Task description:
Look through the listing below for the line containing "基于变频器工作时输入端对电网". Copy it and each line after it up to and including the line containing "La tienda Ensueños", exactly, leaving out pictures.

Supplied material:
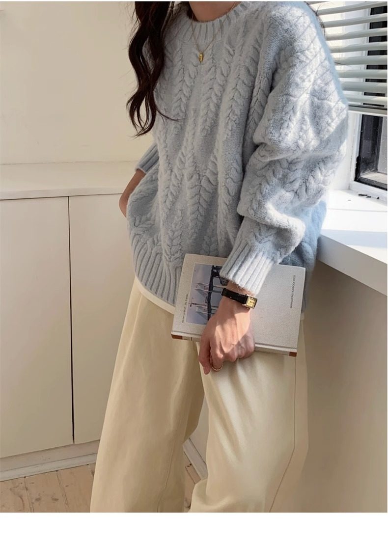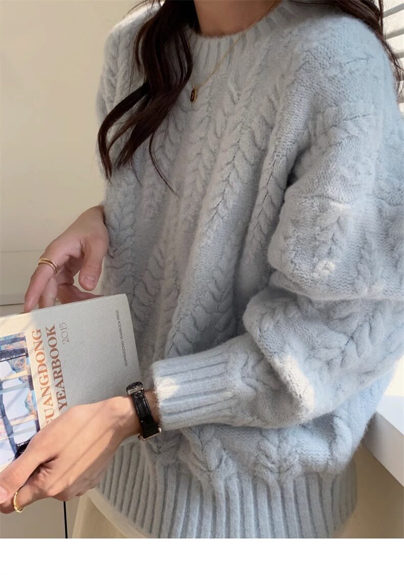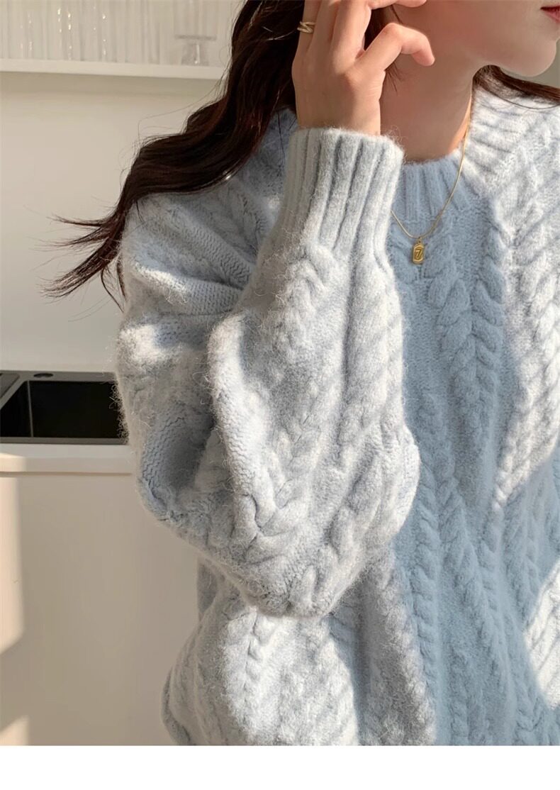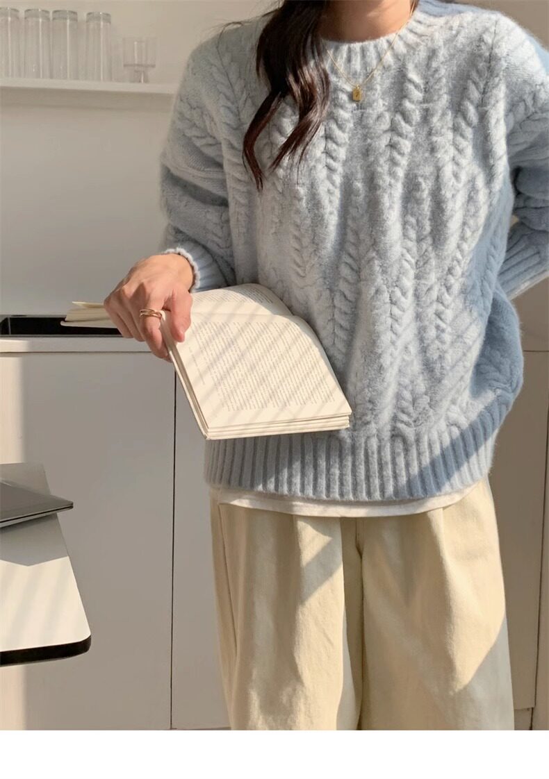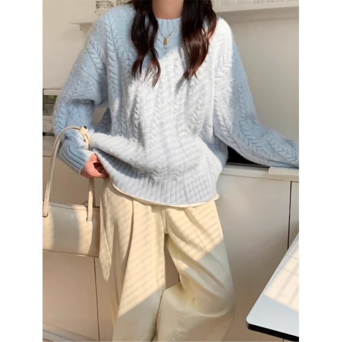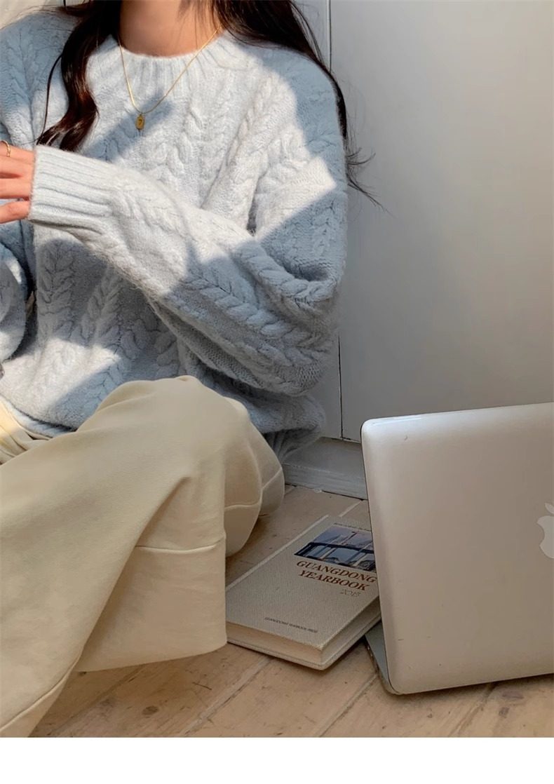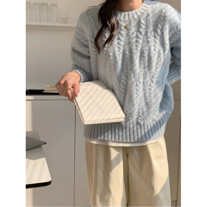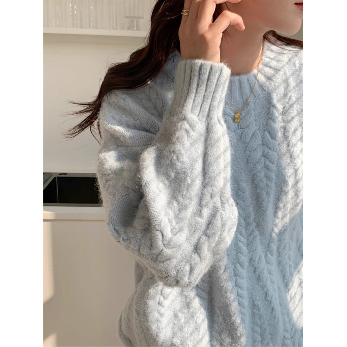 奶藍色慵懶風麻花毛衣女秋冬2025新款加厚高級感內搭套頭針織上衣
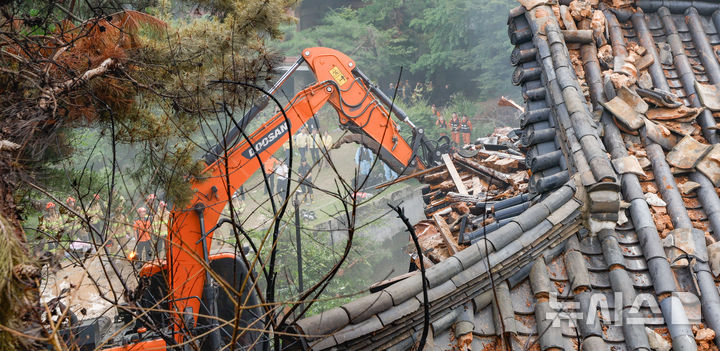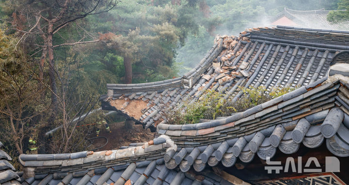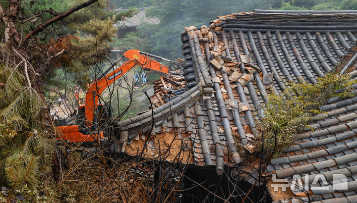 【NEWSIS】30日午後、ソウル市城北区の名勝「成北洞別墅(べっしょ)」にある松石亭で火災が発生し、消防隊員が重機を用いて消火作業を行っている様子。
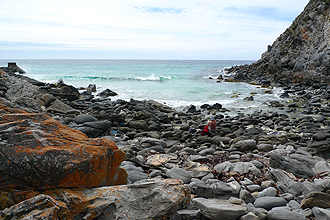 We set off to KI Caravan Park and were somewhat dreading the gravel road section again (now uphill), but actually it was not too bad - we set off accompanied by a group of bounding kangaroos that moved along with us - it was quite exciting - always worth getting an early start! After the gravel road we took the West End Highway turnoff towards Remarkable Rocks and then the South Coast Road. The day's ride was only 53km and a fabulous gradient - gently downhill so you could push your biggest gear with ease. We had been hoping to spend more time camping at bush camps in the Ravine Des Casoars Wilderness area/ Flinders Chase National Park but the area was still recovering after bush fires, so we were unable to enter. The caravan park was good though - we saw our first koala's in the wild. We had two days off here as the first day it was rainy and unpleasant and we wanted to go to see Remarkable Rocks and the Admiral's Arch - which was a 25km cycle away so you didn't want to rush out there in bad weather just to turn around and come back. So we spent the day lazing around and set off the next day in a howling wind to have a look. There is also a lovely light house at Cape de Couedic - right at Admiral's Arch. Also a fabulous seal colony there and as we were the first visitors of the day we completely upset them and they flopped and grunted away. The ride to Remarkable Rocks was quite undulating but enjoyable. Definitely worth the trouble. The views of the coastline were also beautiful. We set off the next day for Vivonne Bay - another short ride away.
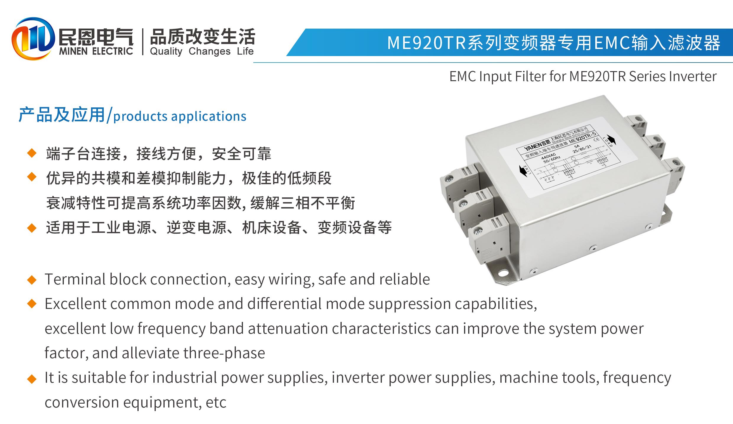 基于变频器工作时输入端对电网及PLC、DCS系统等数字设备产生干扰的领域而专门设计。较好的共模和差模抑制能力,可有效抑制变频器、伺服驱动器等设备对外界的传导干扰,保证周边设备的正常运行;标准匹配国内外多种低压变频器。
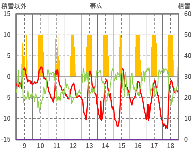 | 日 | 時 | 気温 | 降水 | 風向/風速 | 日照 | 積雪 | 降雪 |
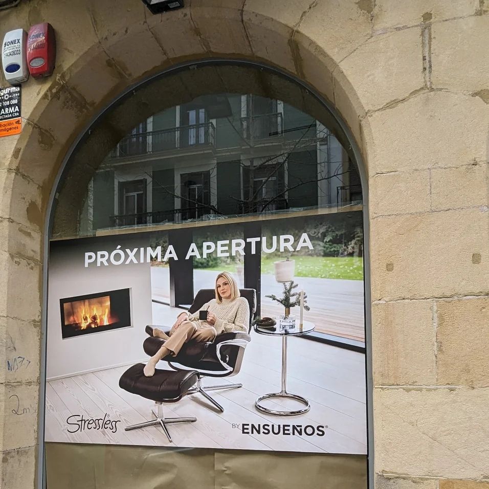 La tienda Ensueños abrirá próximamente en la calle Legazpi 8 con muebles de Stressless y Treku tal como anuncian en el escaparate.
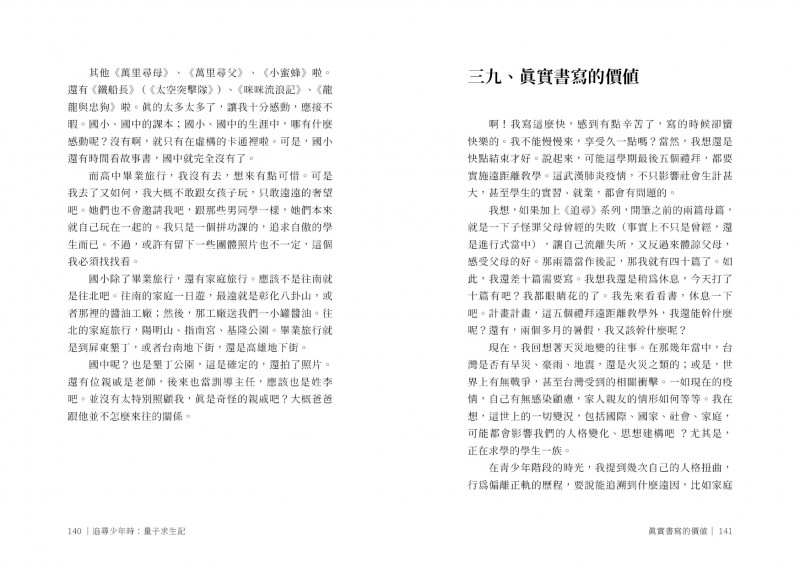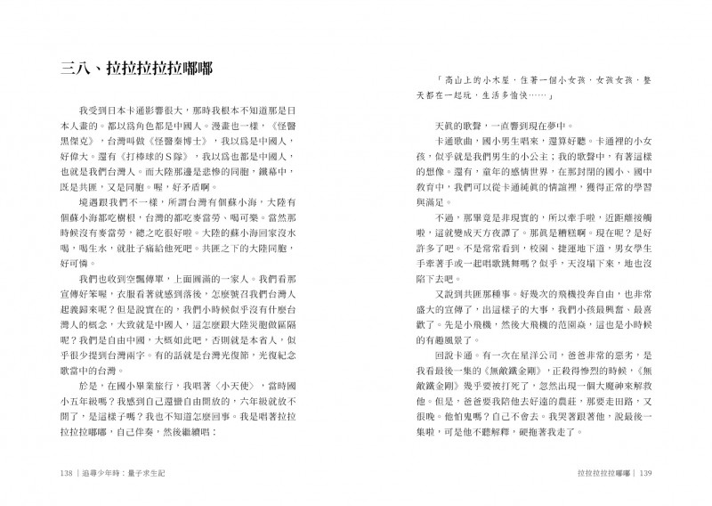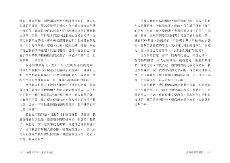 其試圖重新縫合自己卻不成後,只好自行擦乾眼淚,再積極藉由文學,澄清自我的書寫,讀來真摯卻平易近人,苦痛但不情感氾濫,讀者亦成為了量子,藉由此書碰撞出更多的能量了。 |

Task result:
 基于变频器工作时输入端对电网及PLC、DCS系统等数字设备产生干扰的领域而专门设计。较好的共模和差模抑制能力,可有效抑制变频器、伺服驱动器等设备对外界的传导干扰,保证周边设备的正常运行;标准匹配国内外多种低压变频器。
 | 日 | 時 | 気温 | 降水 | 風向/風速 | 日照 | 積雪 | 降雪 |
 La tienda Ensueños abrirá próximamente en la calle Legazpi 8 con muebles de Stressless y Treku tal como anuncian en el escaparate.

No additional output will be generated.